----- Data for review -----

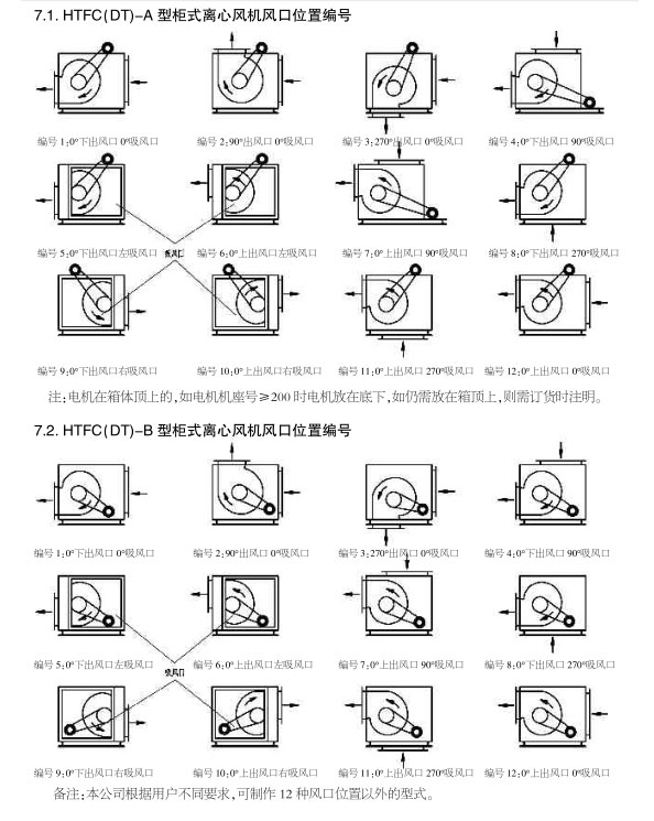 4. HTFC系列低噪聲柜式離心風(fēng)機(jī)箱為B型,電機(jī)裝在箱體內(nèi),用于通風(fēng)換氣。
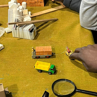 This afternoon in the day centre @calais.exilessc The Community Table was used to the full. In discussion with the coordination team we were located in a new position in the main space. Collectively we activated the table by first using the materials ourselves. Knowing to trust the process, more than 40 teenage boys and men slowly found their way to the table, enjoying the crisp detail in the slides through the retro viewers, carefully constructing miniature buildings and little home scenes, lining up and revving up the toy trucks - everyone sitting side by side around the table. It was heartwarming to see how engaged people were in play.
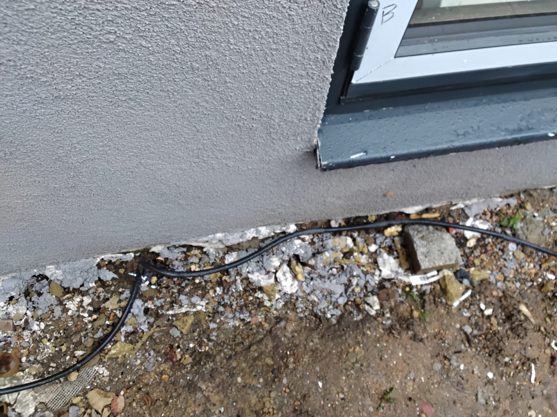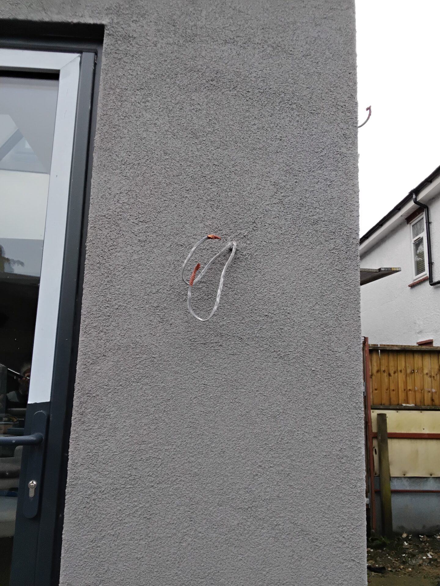 Patchy finish to the k-render on the first floor
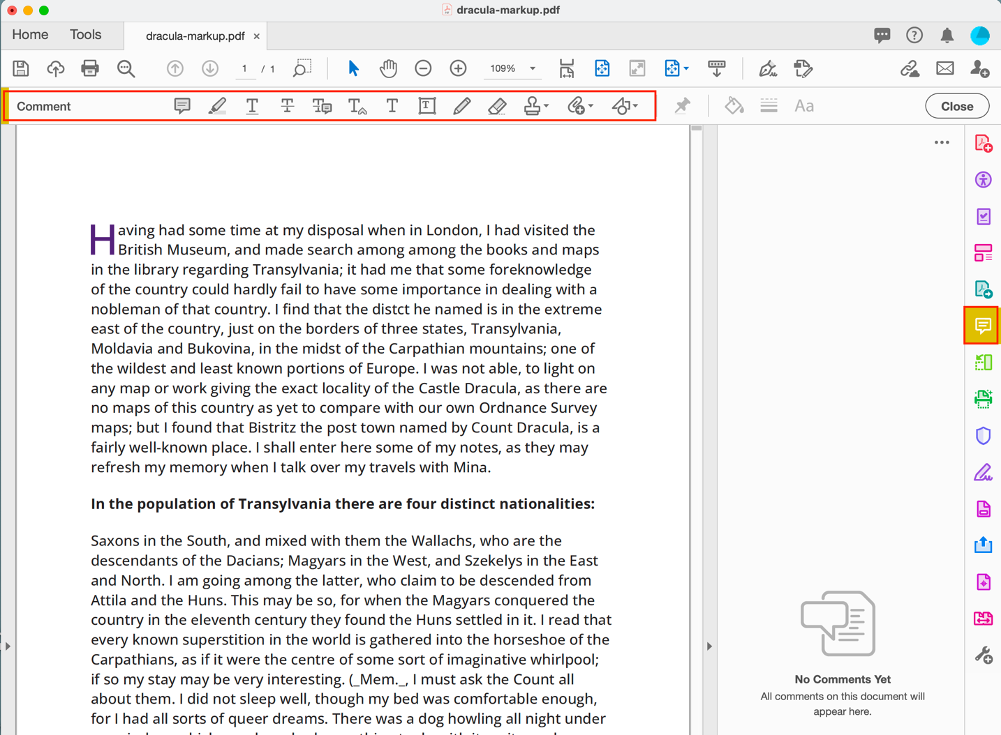 Open the right side navbar in Adobe Acrobat. Click on the COMMENT icon (looks like a “speech box”) to show all the COMMENT tools (along the top of the page).
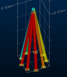 For example, in the image below, a collar position is shared by 12 holes of equal length, varying by 40 degrees in Azimuth between successive holes (and a dip of 80 degrees for all):
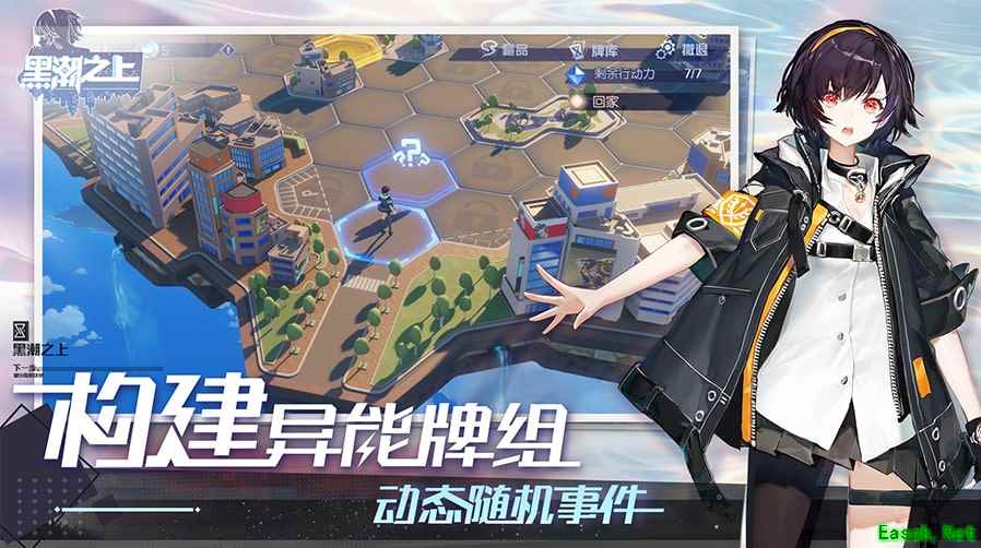《黑潮之上》是一款近未来都市背景,以异能者、穿梭时空为特色二次元回合制卡牌游戏。

-----

_Try it_
An answer containing only the lines from the one holding "For example, in" through the close of the entries above, reproduced exactly and stripped of pictures, is expected.

_Result_
 For example, in the image below, a collar position is shared by 12 holes of equal length, varying by 40 degrees in Azimuth between successive holes (and a dip of 80 degrees for all):
《黑潮之上》是一款近未来都市背景,以异能者、穿梭时空为特色二次元回合制卡牌游戏。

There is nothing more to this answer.